Риса сжимает колеса своего кресла, чувствуя, как что-то закипает у нее внутри, словно в душе бьет бурлящий ключ отчаяния. Киана обхватывает голову руками.
– Мне очень жаль, – продолжает медсестра, – но твой брат сильно пострадал. Мы сделали все, что в наших силах…
Риса потрясенно смотрит на медсестру. Та успокаивающе поглаживает руку девушки.
– Я даже представить себе не могу, каково тебе сейчас. Нужно сообщить твоим родителям. Мы пытались дозвониться по номерам, которые ты дала, но никто не берет трубку. Есть другой способ связи?
Риса качает головой. Она смотрит в пол, волосы свесились на лицо.
– Ну что ж, – произносит медсестра, – будем продолжать попытки. А пока, если у вас есть еще кто-то, кому вы можете позвонить…
– Можно нам побыть наедине? – тихо спрашивает Риса.
– Конечно, милочка.
Медсестра ласково пожимает ей руку и возвращается в реанимацию, где тело Дилана дожидается, когда его заберут несуществующие родители. Риса смахивает слезы, пытаясь утешиться тем, что сделала все возможное.
– В точности, как в прошлый раз, – говорит Киана.
Риса поднимает глаза на Киану. Неужели в прошлый раз было точно так же?
– Киана… Ты в курсе, что больницы нужно каждый раз менять?
Судя по выражению лица Кианы, она не в курсе.
– Разве когда ЧП надо не в ближайшую больницу ехать? – спрашивает она.
В душе Рисы надежда борется со страхом.
– Ты уже встречала здесь эту медсестру?
– Кажется, да. Один раз точно. Что, это плохо, да?

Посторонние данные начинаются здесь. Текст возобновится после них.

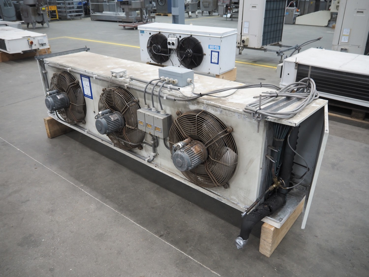 Helpman evaporator, 3 fans, dimensions: 2620 mm x 700 mm x 800 mm.

– И да, и нет. Погоди, я скоро вернусь.
Риса катит кресло к двери с надписью «ПОСТОРОННИМ ВХОД ВОСПРЕЩЕН» и проталкивается между пружинными створками. За дверью тянется неуютный коридор, освещенный ярче приемного покоя.
Через неотложку проходят сотни людей, но подростков, родителям которых никак не удается дозвониться, а «братья» или «сестры» исчезают сразу после объявления о смерти пациента, не так уж много. Эта медсестра, конечно, узнала Киану – в этом Риса совершенно уверена. Отсюда следует, что спектакль здесь разыгрывают не только они.
– Эй, тебе сюда нельзя, – слышится откуда-то из глубины коридора.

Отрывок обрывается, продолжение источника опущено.